You will need to both buy the game, and pay for an ongoing subscription to play. You will not need a PS Plus subscription on PS4, no word about Xbox 1.
The Elder Scrolls: Online will be
PC/Mac players will be able to choose which Megaserver they play on (Euro or NorthAm), so we’ll look at setting up some Nukapedian Guilds.
Quakecon is back, and moving to July. If you’re in Dallas, Texas between July 17 and July 20 (or want to be) check out their page on Bethblog here.
There’s no mention of any particular events or announcements yet… But given TES:O should be well launched by then, this could be our time.
Ron, Ron Never changes
Ron Perleman and Amazon present
Ron Perlman is back… on Amazon. He’s working with the bookstore - come - everything store - come - Device maker - come - Media megacorp on a project called “Hand of God”. Deadline reports
Hand Of God centers on the powerful Judge Harris Pernell (Perlman), a hard-living, law-bending married man with a high-end call girl on the side who has a religious awakening and starts having visions and hearing voices through his ventilator-bound son that could be God speaking to him.

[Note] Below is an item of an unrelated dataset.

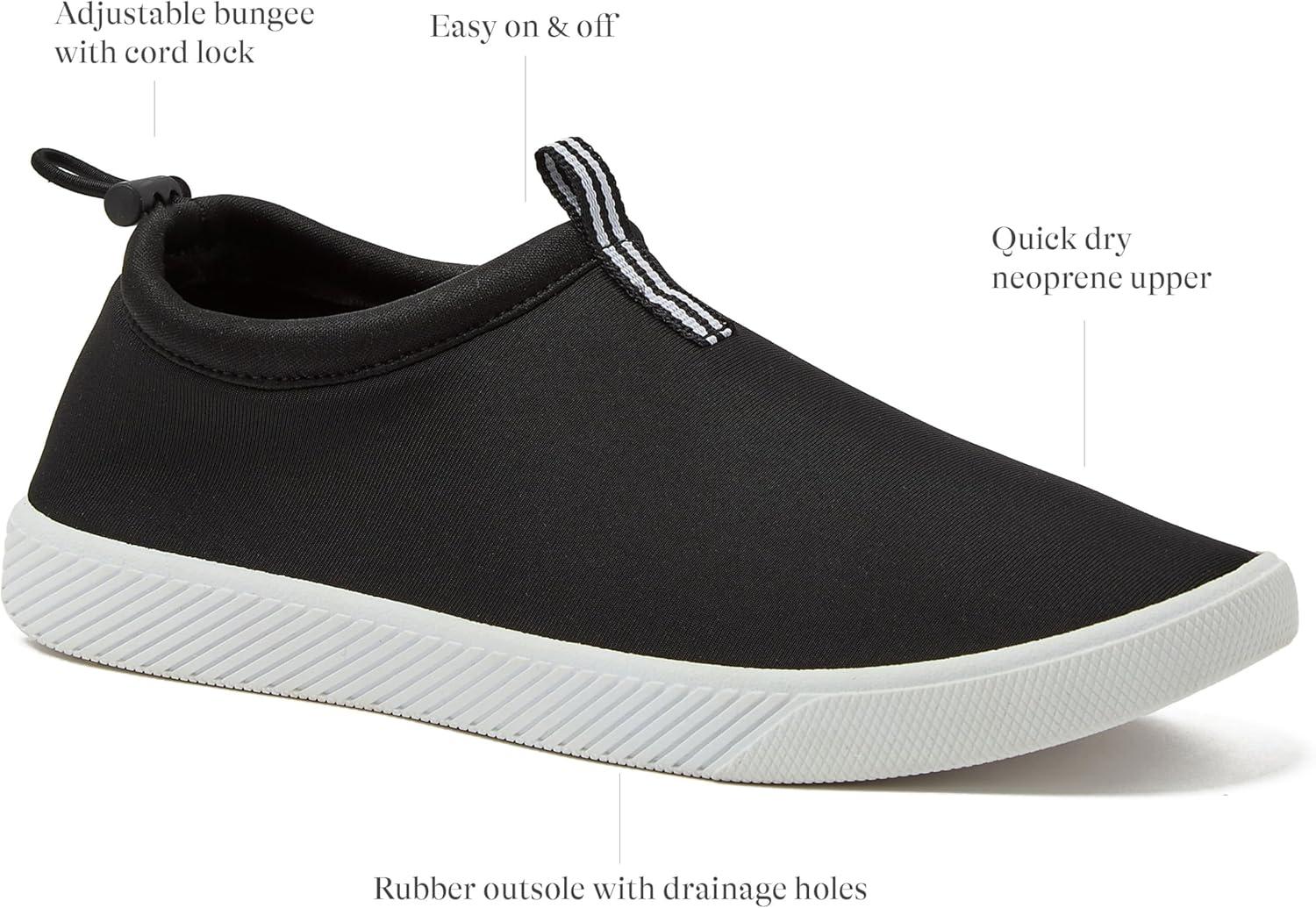 Lands’ End Slip On Water Shoes for Women, Quick Dry Neoprene Sport Womens Water Shoes with Drainage Holes for Beach or Pool, Pink, Blue or Black Swim Shoes Women, Adult Size 6-12 Aqua Socks(Black/White)

Cos we’ve all been there. The project will be directed by World War Z’s Marc Forster, so already has a great pedigree.
My Favourite Android
You can skin your android device for free with this UCCW skin here or upgrade to the paid version with extra colours here (seriously, its a dollar folks).

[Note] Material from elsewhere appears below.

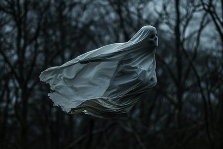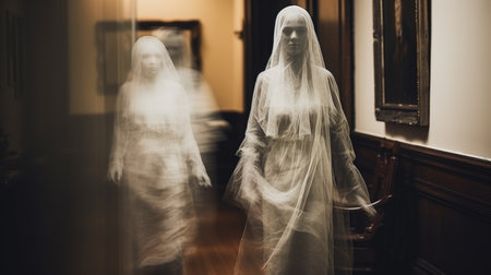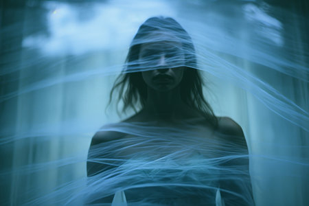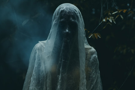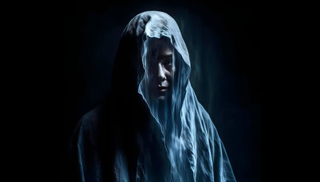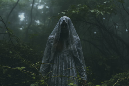 Mystical apparition of ethereal veiled figure in dark atmosphere.

(Make sure you watch the videos on how you set it up).
what is the most interesting thing of working on the video game industry?
The first thing that comes to mind is that there are always new problems to solve. I don’t think it will matter how long I do this job. There will always be new problems to solve. The problems may be technical, they might involve gameplay, they might be story problems, or they might be problems with user experience/feeling, but there will always be new problems to solve. Every day.
Would you ever, or have you already, include trans characters in any of your games?
I haven’t developed any trans* characters in the past but if they made sense in a setting and story, sure.
Just in relation to an otherwise irrelevant question, Josh sidelined into this
This is going off tangent a bit, but when I was working with John Gonzalez, who was the creative lead and main story architect for Fallout: New Vegas (and the author of the Survivalist’s journals in Honest Hearts, since I get a lot of questions about that), there were a few things I kept insisting he had to include. One of the major elements was that during the final act of the game, the player had to be directed to interact with actual people (human or otherwise) during the approach to the end of the game.
Whatever chip-inserting, lever-pulling stuff the Courier was involved with took a backseat to interacting with with people in the different factions. I felt that needed to happen so the player would come face-to-face with the actual problems that these folks had. More than the threat of physical destruction, they were worried about other things: their identity, their independence, their sense of purpose. The Courier’s participation in the Second Battle of Hoover Dam was not the end of the game as much as it was the validation stage for all of the choices the player made to reach that point.
And when the slides started showing up, not everything worked out the way the player wanted. A lot of it did — sometimes most of it did — but there were always things that went awry, plans that developed in unexpected ways, characters that went off in their own directions. Not everyone likes that, but I definitely do and I believe that enough players also like it that it was a valid course to take.